Cytokine PCR and ELISA

Groups of guinea pigs (n=3) were immunized i.n. with rCPAF/CpG or live CT-D as described above and euthanized one day prior to challenge to collect spleens aseptically for antigen-specific splenocyte stimulation assay. Single splenocyte cell suspensions were prepared (1×106 cells/well in 100µl DMEM plus 10% FBS) and stimulated with 0.5µg rCPAF, UV-inactivated CT-D (1×105 IFUs) or left unstimulated with media alone in a 96 well microtiter plate for 24 hrs. Following stimulation, cells were collected to assess IFN-γ gene expression. Messenger RNA was isolated from stimulated splenocytes as per manufacturer’s instructions (RNeasy mini kit, Qiagen) and quantified using a Nanodrop spectrophotometer (Thermo Scientific NanoDropTM 1000). RNA (0.5µg) was used to generate cDNA using the Verso cDNA Synthesis (Thermo Scientific). The guinea pig IFN-γ (Forward 5’-CCATCAAGGAACAAATTATTAC and Reverse 5’-TGACCGAAATTTGAATCAG), TNF-α (Forward 5’- GGAAGAGCAGTTCTCCAG and Reverse 5’-GCTTGTCATTATCGTTTTGAG), and GAPDH (Forward 5’-CTCGTCATCAATGGAAAG, Reverse 5’- GTGGATTCCACTACATAC) gene specific primers were used to amplify gene transcripts from the synthesized cDNA. qRT-PCR was conducted under a previously optimized condition using the CFX96 Touch™ Real-Time PCR Detection System (Bio-rad)[28] and IFN-γ and TNF-α mRNA levels were normalized to GAPDH mRNA and expressed as relative level to medium mock-stimulated samples using the comparative cycle threshold method[65]. Supernatants from each condition were collected and stored at −80°C until further use. Guinea pig IFN-γ was assessed by a quantitative competitive immunoassay (NeoScientific) according to manufacturers’ instructions. In brief, 100ul of experimental supernatants or standards were co-incubated in wells with an IFN-γ conjugate. Binding of IFN-γ HRP was visualized by production of colorimetric reaction products that were quantitatively measured by absorbance using a µQuant ELISA plate reader (BioTek Instruments, Winooski, VT).

Genital tract pathology

Guinea pigs were euthanized and genital tract tissues were collected in 10% formalin, embedded in paraffin, sectioned, and stained with hematoxylin and eosin (H&E). Histopathology imaging and pathological scoring were performed using a Carl Zeiss microscope as described previously[28]. Pathology scores for each group was represented as mean and SD of each guinea pig in the respective group.
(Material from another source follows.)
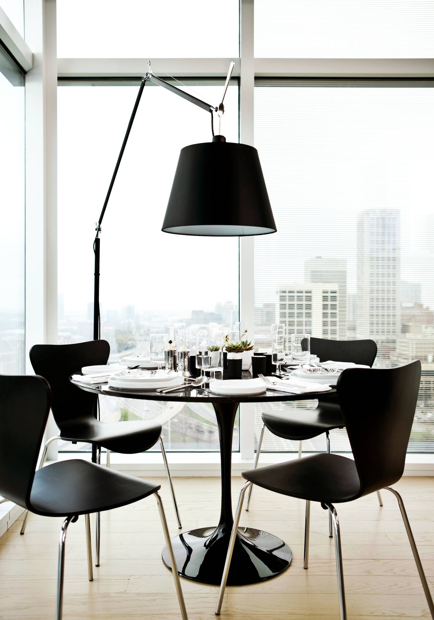 Para un conjunto sobrio… Su modelo más masculino, el de color negro, es el idóneo para articular ambientes sobrios y ochenteros, en particular si se combina con otros muebles y complementos en blanco y negro, como se ha hecho aquí con la mesa Tulip y la lámpara de pie XXL más el menaje en blanco, con un resultado de lo más atractivo.

Animals and Statistical analyses

For experiments, female guinea pigs were age- matched and numbers/ group was selected based on previous findings[11, 28]. All result datasets from experiments were included for analyses and were not excluded from the study. No randomization or blinding was done. GraphPad Prism 5 (La Jolla, CA) was used to perform all statistical tests. P < 0.05 was considered statistically significant. One way ANOVA or Kruskal-Wallis test with Dunns post hoc test was used for determining the protective efficacy of rCPAF-vaccination compared to other treatment groups. Appropriate statistical tests are indicated in legends of respective figures. All data are representative of two independent experiments and each experiment was analyzed independently.